The French Studies Department, along with numerous faculty, graduate and undergraduate volunteers, organized the festival, which is co-sponsored by the Modern Culture and Media Department. The festival runs through March 7 at the Cable Car Cinema. Though several films focus on "changing states" and "changing status," Waryn said, the this year's festival aims to showcase the great variety of films produced in the Francophone world. Youenn Kervennic, a lecturer in French Studies, said the organizers wanted to present an "eclectic" mix of films.

The French Studies Department incorporates the films, which are screened in French with English subtitles, into many of its courses, encouraging or requiring French students to attend some of the screenings. Waryn explained that the festival was designed to complement the activities of the department. Both Waryn and Kervennic said they hope the festival will help to dispel some myths about French cinema — for example, that French films are always serious and usually confusing.

The organizers of this year's festival began working almost immediately after last year's finished, Waryn said. They looked at films that did well in 2009, returned to films they previously could not show and got ideas from several other film festivals, eventually accumulating a wish list of titles. This year, the process of booking the films, which began in November and finished in December, went quickly, Waryn said.

Waryn said he hopes the lineup will be "exciting, both in terms of filmmaking and script."

Both Waryn and Kervennic said student attendance in past years has been very good. Most of the spectators are students from Brown or the Rhode Island School of Design, Kervennic said.

One of this year's films is "Polytechnique," directed by Denis Villeneuve, a film that follows six fictional characters through the story of the massacre at Montreal's Ecole Polytechnique 20 years ago, when Marc Lepine shot 28 people, killing 14 women.

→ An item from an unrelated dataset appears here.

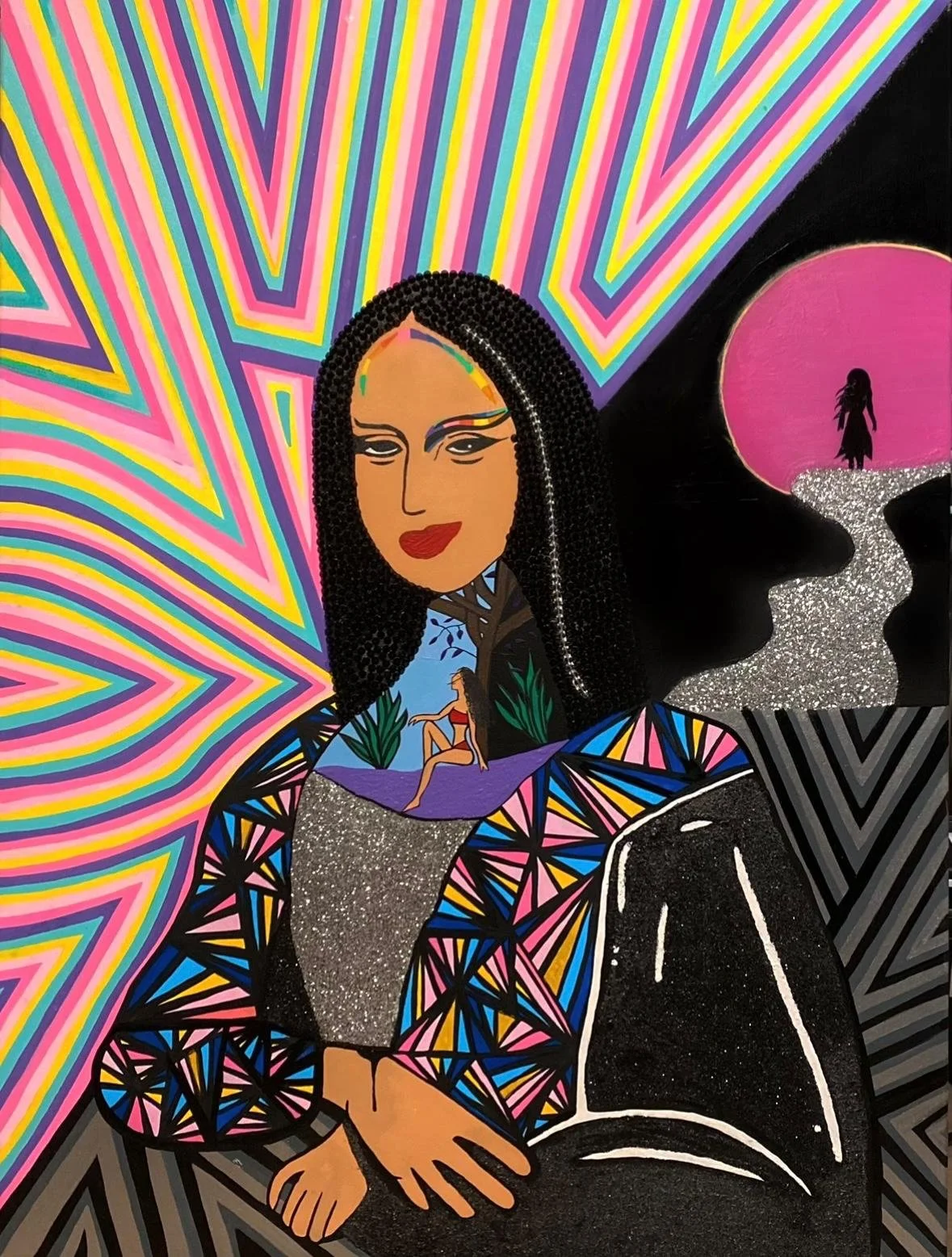 La Música, Mi Musa is a self-portrait that captures the profound connection between music and my identity as an artist. Music has not only shaped the way I see the world but has also become the language through which I express my soul. Every brushstroke in this piece carries the rhythm, emotion, and energy that music has gifted me, serving as both a muse and a bridge between my inner world and the canvas. This deep bond extends beyond painting into my live performance, La Música, Mi Musa, where I bring this fusion of sound and art to life, transforming emotions into a shared experience.

Another, "36 vues du pic de saint-loup (Around a small mountain)," directed by Jacques Rivette, focuses on a small, struggling circus. After the owner of the circus dies, his daughter returns to the show, leaving the rest of the troupe to wonder why she originally left and why she later came back.

Several of the films have already won or been nominated for notable awards. "Flandres (Flanders)," the first film to be shown at the festival, received the Grand Prix at the 2006 Cannes Film Festival. "Un Prophete (A prophet)," directed by Jacques Audiard, won the same prize in 2009 and is nominated for an Oscar in the Best Foreign Language Film category.

The festival also includes some lighter fare — "Panique au village (A town called Panic)," an animated family film directed by Stephane Aubier and Vincent Patar, and "C'est pas moi, je le jure (It's not me, I swear)," a humorous film directed by Philippe Falardeau that tells the story of the troublesome and overly imaginative Leon Dore.

Waryn said he recommended seeing at least two or three films to get a better feeling for the festival and for French filmmaking as a whole. He said he hopes viewers will be "astounded by the variety" of the films in this year's festival.